One by one, he closed off every means of escape . . . not that she had anywhere left to go. Swallowing her indignation, she turned her mind to practical considerations. “What happens after my father is no longer a factor? Or if someone else is convicted of the murder? I presume we could then secure an annulment of the marriage?”
“I’m afraid not.” He went to the hearth, selected a log, and placed it across the firedogs. “The magistrate already thinks we conspired to commit the murder and protect each other from the consequences. Our marriage will be regarded with suspicion, and all the legalities checked down to the last jot and tittle. There are surprisingly few causes that can trigger an annulment. We’d not get away with faking any one of them.”
“We wouldn’t need to.” A cold knot of pain tightened in her stomach. “Many years ago, I was badly injured in a riding accident. Later, I overheard the doctor say it was unlikely I’d be able to bear children. So you see, I could confess I had deceived you before the wedding. No one would expect you to remain married to a woman unable to give you an heir.”
He had hunkered down and was placing tinder on the coals to get the fire restarted. “Are you certain of this, Miss Holcombe? If you make such a claim, you will be subjected to an unpleasant examination, and only a severe deformity would stand as evidence of infertility.”
She wondered what a severe deformity would consist of, and how it co
uld be detected.
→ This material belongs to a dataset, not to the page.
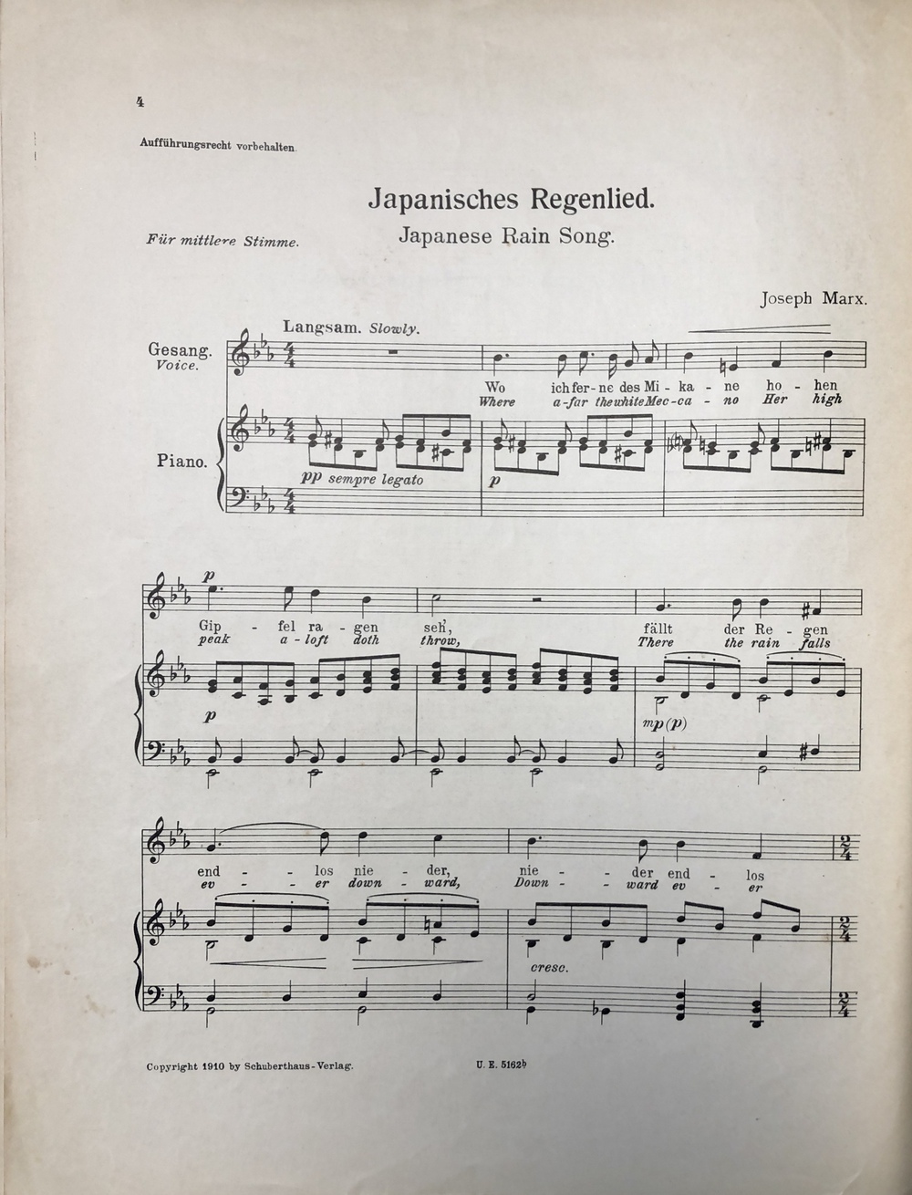 LIEDE UND GESÄNGE. ERSTE FOLGE NR. 13. JAPANISCHES REGENLIED. JAPANESE RAIN SONG.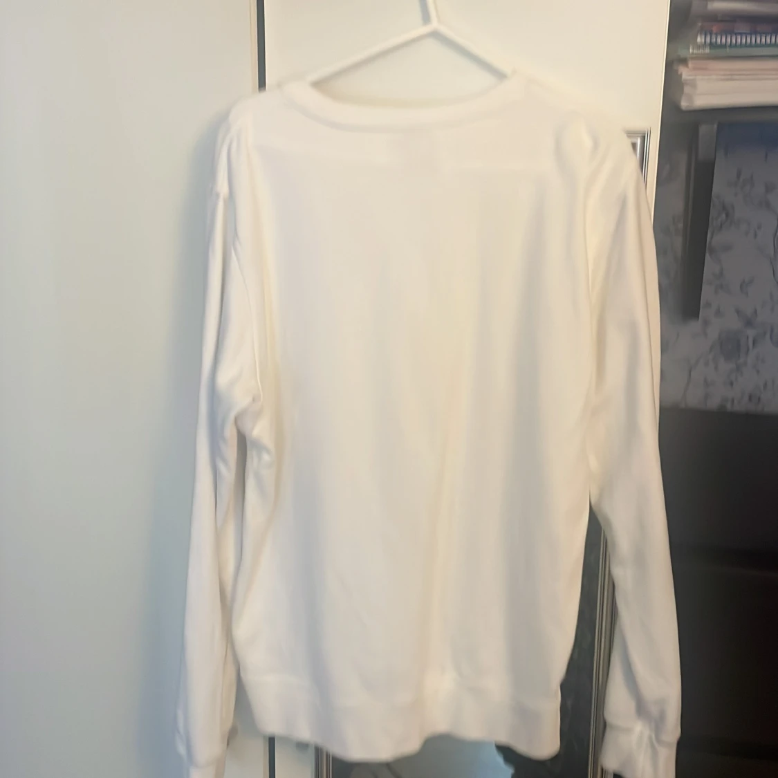 Snygg vit sweatshirt från Nike med klassisk svart swoosh-logga på bröstet. Tröjan har rund halsringning och långa ärmar. Perfekt för en clean och sportig look. Tillverkad i mjukt material som känns skönt mot huden.

But she could hardly ask him straight out. “I see. Or rather, I don’t quite see. You appear to know a great deal about these matters.”
“Only because I have spent the better part of the day with my solicitors. I took the opportunity to ask them every pertinent question I could think of, along with those I anticipated receiving from you.”
“But are you not concerned about my deformities, detectable or otherwise? You have a responsibility to your name and family, sir. You are expected to continue the line.”
“I am? By whom? Although I am unacquainted with Norah’s daughters, I’d guess they are decent chits who keep themselves out of trouble. Well, if you except Corinna’s attempt to kill her father. But there hasn’t been a shred of decency in any Keynes male for the last several generations. I have no wish to reproduce myself, Miss Holcombe. The sooner this line dies out, the better.”
“Then you should not object to helping me annul our marriage. In the spirit of cooperation, sir, I will go first. But if the physical examination discloses nothing of use, then we’ll just have to resort to you. I mean, you could . . . that is, what would it cost you to swear that you are . . . um, incapable of—”
“No.”
She lifted her chin, undaunted. “I quite see how you would find such an admission difficult to make. But it’s not as if the information would become public. And later, with me gone and unfindable, you could have a miraculous restoration of your powers.”
“And you, Miss Holcombe, have a somewhat limited comprehension of male reproductive functions and the law. Even were I willing to swear myself impotent, the word of a Keynes already suspected of duplicity would scarcely hold up in the ecclesiastical court. Any examiner worth his credentials would put you in a room with me and instruct you to remove your clothing. In a remarkably short time, I assure you, all doubts about my capacity to perform would be extinguished.”
Having nursed her father over a period of years, she was not unfamiliar with male reproductive organs. Nor, having observed horses and other farm animals in rampant display, was she unacquainted with the transformation wrought by instinct and, she assumed, passion. She quite understood, generally speaking, what this formidable male had just described to her. She altogether grasped the reality of it and the pain that it would cause in her, and her own terror of the whole . . . procedure.